I'm 99% sure but seeing as it counts towards my final mark, I figured I'd ask the intellects of MSE to verify this.

Solution 1:

RK4 in $100$ steps of step size $0.01$ will give an integration over time $T=1$ with an error of magnitude $10^{-8}$ with $400$ evaluations of the system function.

A second order method with the same number of steps will give an error of magnitude $10^{-4}$. With the same number of $400$ function evaluations you get $h=0.005$ and an error of about $2.5·10^{-5}$. To get an error of about $10^{-8}$ would need a step size $h=10^{-4}$ with $20 000$ function evaluations.

Note that there are lower limits for the step size. They depend on the integration time interval and the scale of the system function, but roughly for computations using the double type and and order $p$ method, the step size should never be lower than $10^{-15/(p+1)}$, for RK4 thus $10^{-3}$.

To argue about the general error behavior one does not need the details of the method, only their error order. However, any cookbook for numerical methods has RK4, it is not that complicated.

You only need to know that the error of an order $p$ method is proportional to $M_pTh^p$, where $M_p$ is maximum over the coefficient of $h^p$ in the local discretization error, i.e., the difference of $(y_{k+1}-y_k)/h$ to the same quotient for an exact solution.
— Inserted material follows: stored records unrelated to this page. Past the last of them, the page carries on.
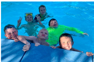
Splashing into summer at the pool party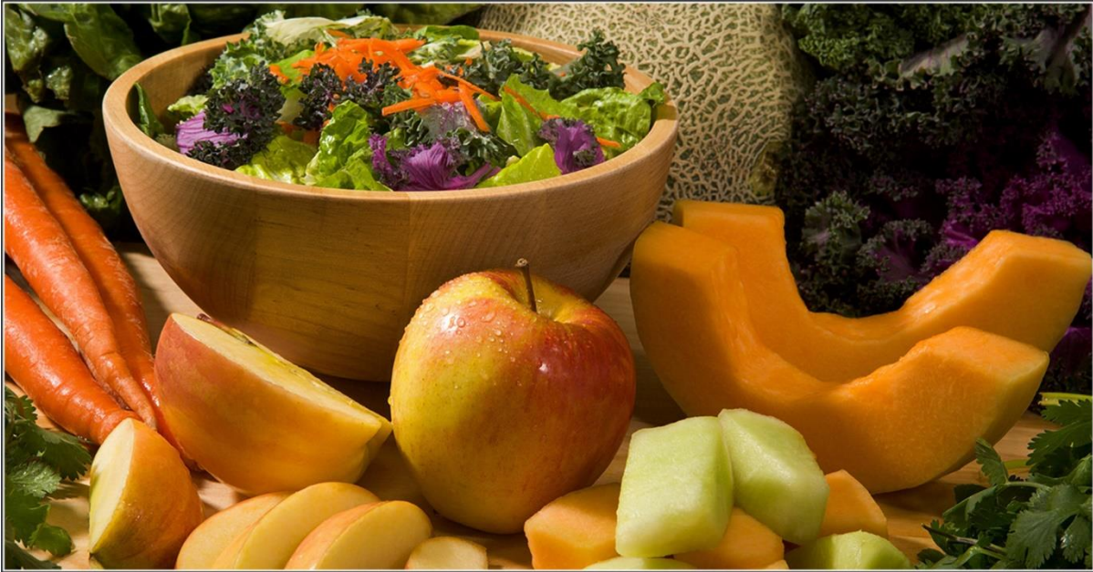
Figure 17: The monitoring system ensures that food produced in the EU is safe for consumers to eat.

The laboratory participated in all five of the EU Proficiency studies organised, on behalf of the EU Commission, by the European Union Community Reference Laboratories (EU-RL) in the pesticide area. Routine quality assurance procedures are followed within the laboratory in accordance with the requirements specified to maintain accreditation to the ISO 17025 standard.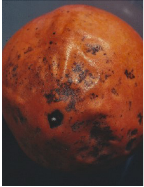
Figure 16. Fruit spotting on persimmon.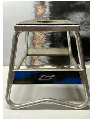
196. M - MOTORBIKE STAND - COST NEW £100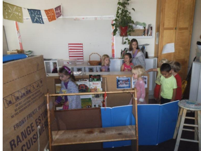
The children enter the maze to experience vocabulary concepts such as "in," "under," and "through."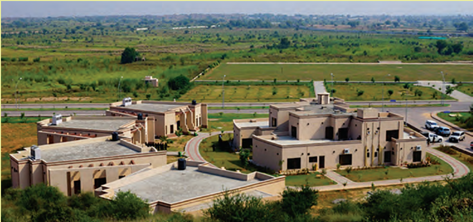
Figure 8 - Pakistan Centre for Nuclear Security (PCENS)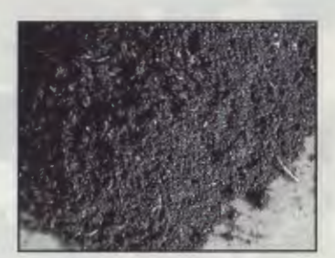
Potassium Chlorate & Aluminum Aluminum not typically found with PC.

PC Based HME is Predominately Found in RC-E, However it is Migrating to Other RC's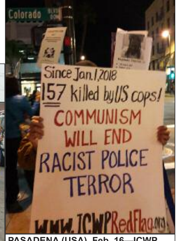
PASADENA (USA), Feb. 16—ICWP comrades join a protest against racist police brutality and murder.

tional Communist Workers' Party and help create this world in which murders by the police or the sheriffs will cease to exist.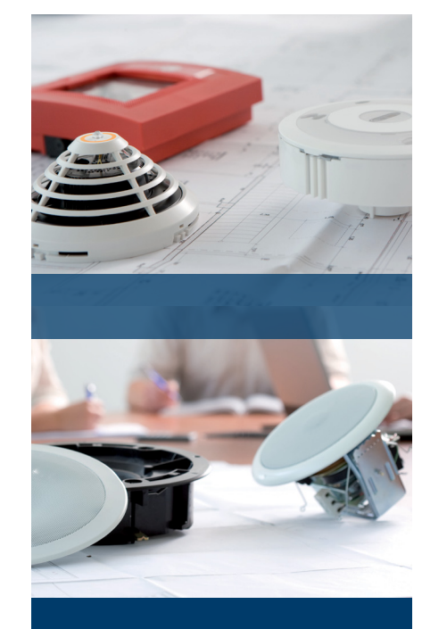
Each system uses a wide range of state-of-the-art peripherals to ensure maximum safety

The addressable fire alarm system includes high-quality panels and peripherals designed for earliest detection. Advanced detectors, interface modules, manual call points, sounders and other peripherals add flexibility and support special applications. Maintenance is easy, with permanent supervision of all system functions and peripherals for added reliability. For smaller venues, the Fire Panel 1200 Series supports up to 254 peripherals, and, in large facilities, a networked solution with the Modular Fire Panel 5000 Series can accommodate up to 32.000 peripherals.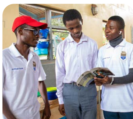
UNIMA Geo-students during the outreach session.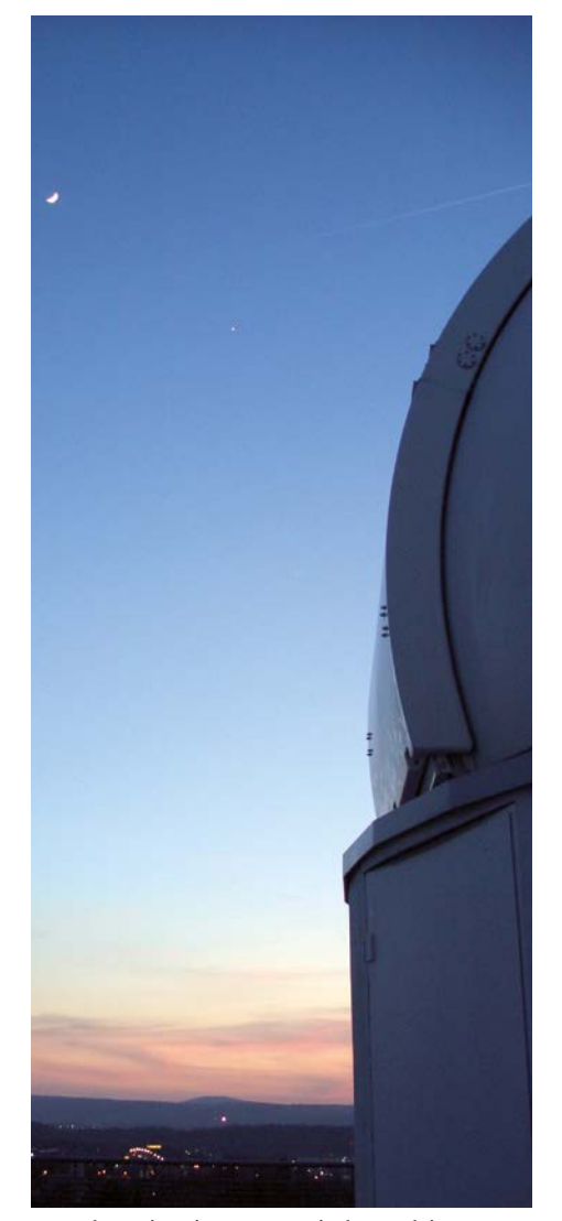
View from the observation platform of the Institute for Astrophysics, Göttingen

The University creates a research environment designed to give scholars and scientists the necessary space and freedom to achieve the best possible results in research within the disciplines and in interdisciplinary problem-solving. It fosters self-determinant studying and a culture of cross-disciplinary and research-oriented teaching across all University Faculties. By providing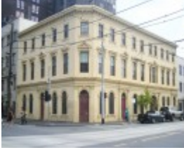
FORMER EASTERN HILL HOTEL SOHE 2008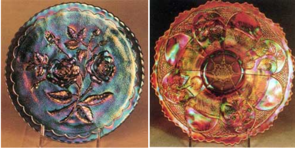
Left: Purple Open Rose (Imperial) - $450 Right: Absentee Dragon (Fenton) - $2,250

13. Greek Key (Northwood)--Blue $1,800).

That is, $M_p$ stands for the scale of the system function and $T$ for the integration interval. The more exact estimate is $M_p/L·(e^{LT}-1)h^p$ with $L$ the Lipschitz constant of the system.

Practical example

Striving for an error level of $10^{-4}$ over the integration interval $T=1$ demands (rounded) $10$ steps for RK4. Second order Heun replaces each of these $10$ steps with again $10$ steps to reach the same error level. Which replaces $40$ evaluations of the function with $200$. The first order Euler method would need $10\,000$ steps and thus function evaluations, $1000$ per RK4 step. That this drastic difference plays out also in actual computations shows the following table, where additionally the methods other than Euler are also tuned to contain the error level $10^{-7}$. The last column computes the coefficient in the formula error = C*h^p with p the order of the method. That it is about constant shows that p is indeed the order.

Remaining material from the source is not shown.